**EXERCISE PROMPT:**
Transcribe exactly the lines from the first line of the records through the line containing "Contrôle du point de rosée (PCD 10 à 120)", and leave out every picture.

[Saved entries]
⁂
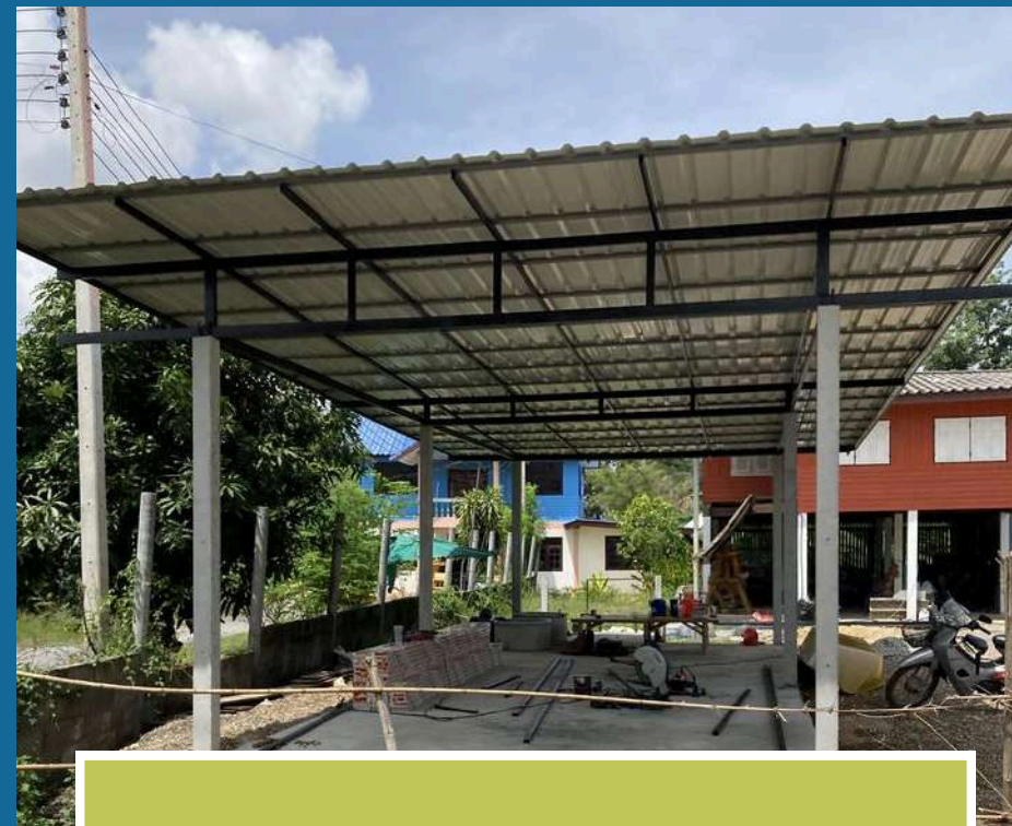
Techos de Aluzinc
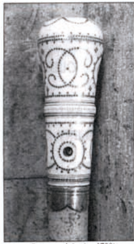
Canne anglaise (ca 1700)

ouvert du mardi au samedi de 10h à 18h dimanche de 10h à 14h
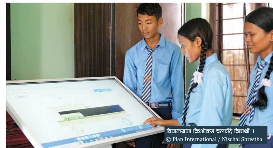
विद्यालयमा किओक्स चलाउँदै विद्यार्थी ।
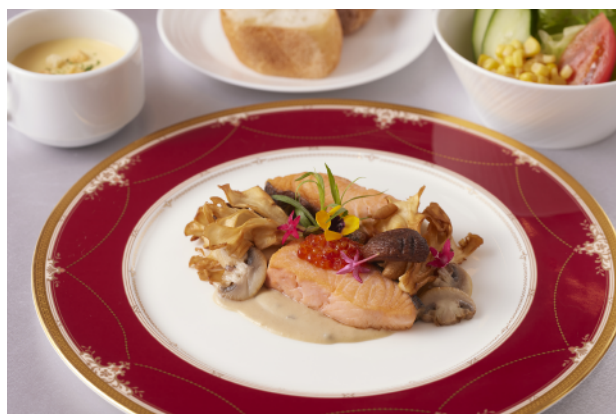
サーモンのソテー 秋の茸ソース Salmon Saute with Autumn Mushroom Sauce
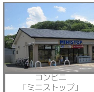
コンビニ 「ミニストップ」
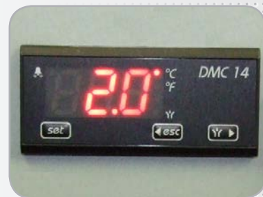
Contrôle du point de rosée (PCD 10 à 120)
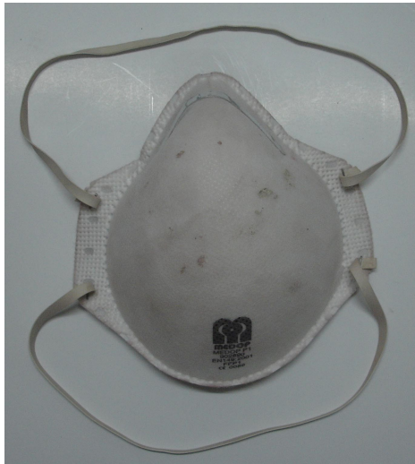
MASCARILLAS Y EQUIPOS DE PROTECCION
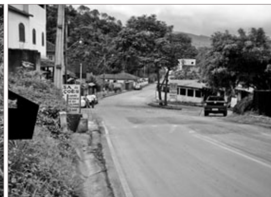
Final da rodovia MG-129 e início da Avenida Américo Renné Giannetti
⁂
**EXPECTED ANSWER:**
Techos de Aluzinc
Canne anglaise (ca 1700)

ouvert du mardi au samedi de 10h à 18h dimanche de 10h à 14h
विद्यालयमा किओक्स चलाउँदै विद्यार्थी ।
サーモンのソテー 秋の茸ソース Salmon Saute with Autumn Mushroom Sauce
コンビニ 「ミニストップ」
Contrôle du point de rosée (PCD 10 à 120)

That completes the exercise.